Оценка фагоцитарной функции макрофагов костного мозга новорожденных с помощью флуоресцентного анализа поглощения бактерий

Для начала ресуспендирования костного мозга новорожденных мышей производили макрофаги в полный DMEM без фенола красного или антибиотиков. Засейте 500 микролитров клеточной суспензии с плотностью 200 000 на квадрант в 35-миллиметровую четырехугольную чашку. Снимите заранее рассчитанный запас кишечной палочки от минус 80 градусов по Цельсию.

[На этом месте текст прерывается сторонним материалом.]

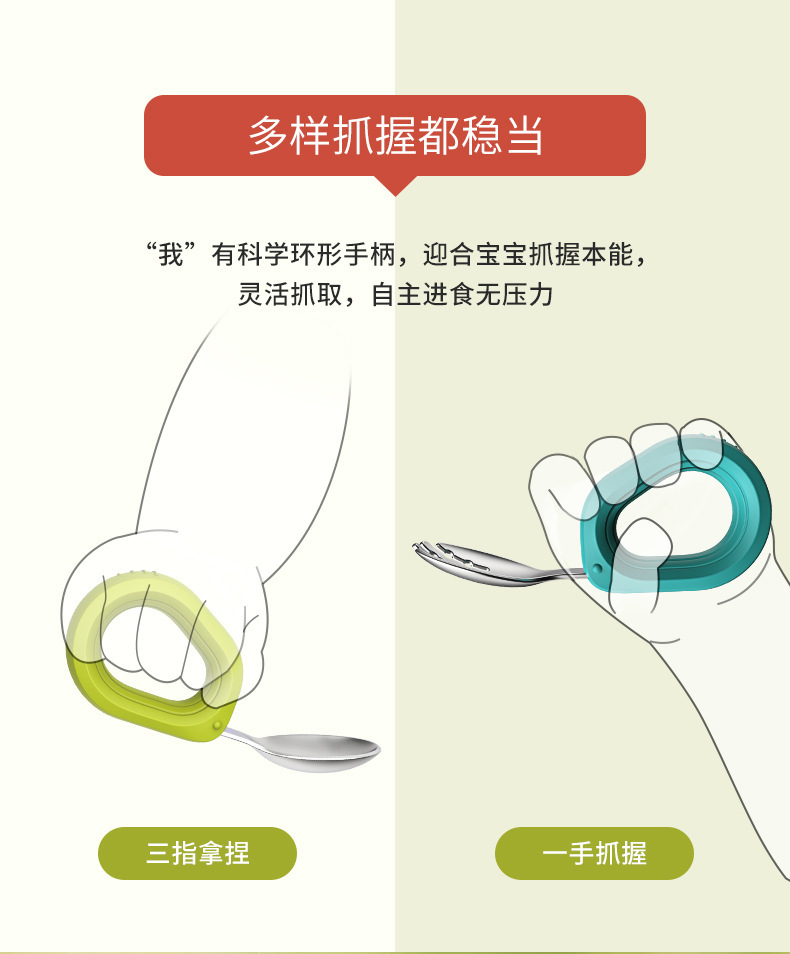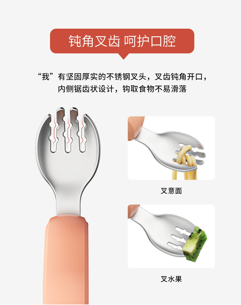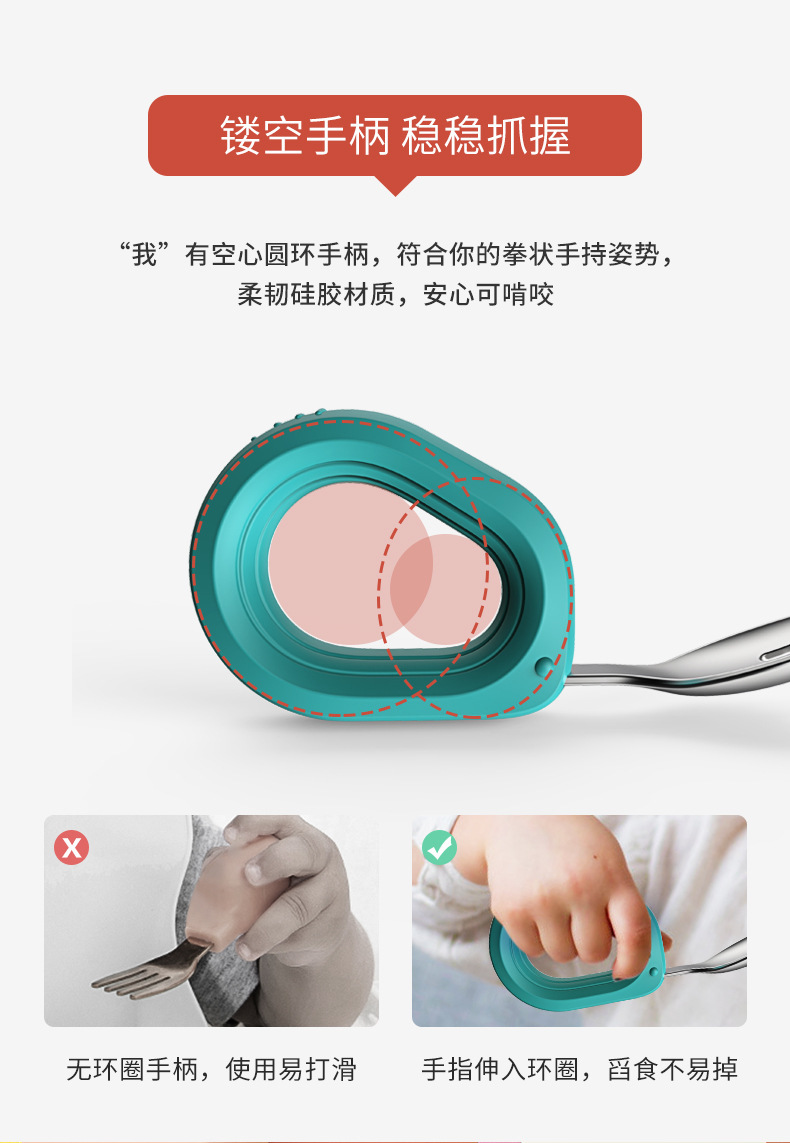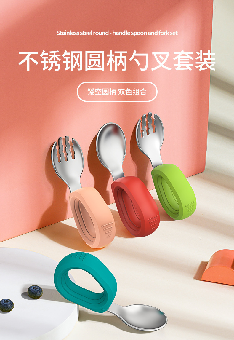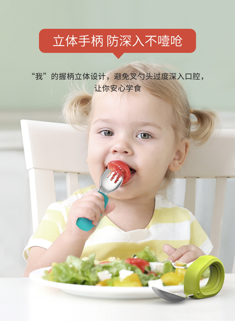 허궈 베이비 식기 스테인리스 스틸 어린이 식사 훈련용 스푼 유아용 이유식 실리콘 짧은 손잡이 포크 스푼

Аликвотируйте нужный объем клеточной суспензии в микроцентрифужную пробирку объемом 1,7 миллилитра для приготовления бактериального посевного материала при кратности инфекции 25, затем добавьте PBS до общего объема в один миллилитр. Центрифугируйте бактериальную суспензию при 2000 G в течение пяти минут и повторно суспендируйте гранулу в 50 микролитрах PBS. Добавьте зеленый флуоресцентный pH-чувствительный краситель до конечной концентрации 500 микромоляров и инкубируйте в течение 20 минут в темноте для конъюгации красителя.

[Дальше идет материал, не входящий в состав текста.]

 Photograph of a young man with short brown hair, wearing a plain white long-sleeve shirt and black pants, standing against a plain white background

Промойте бактерии четыре раза одним миллилитром PBS центрифугированием при 1000 G в течение пяти минут. Повторно суспендируйте гранулу в 500 микролитрах полного DMEM без фенола красного и добавьте в костный мозг макрофагальные культуры. Инкубируйте культуру при температуре 37 градусов Цельсия и 5% углекислого газа в течение четырех часов.

Добавьте 200 нанограммов проницаемого для клеток красного флуоресцентного красителя для окрашивания лизосом, При бактериальной инфекции было обнаружено большое количество зеленых флуоресцентных бактерий, фагоцитированных внутри макрофагов, полученных из костного мозга. Зеленая флуоресценция далее локализуется красной флуоресценцией, указывающей на подкисленные лизосомы. Фагоцитоз и появление зеленых чувствительных к pH дипозитивных макрофагов костного мозга новорожденных также наблюдались на протяжении всей четырехчасовой инфекции.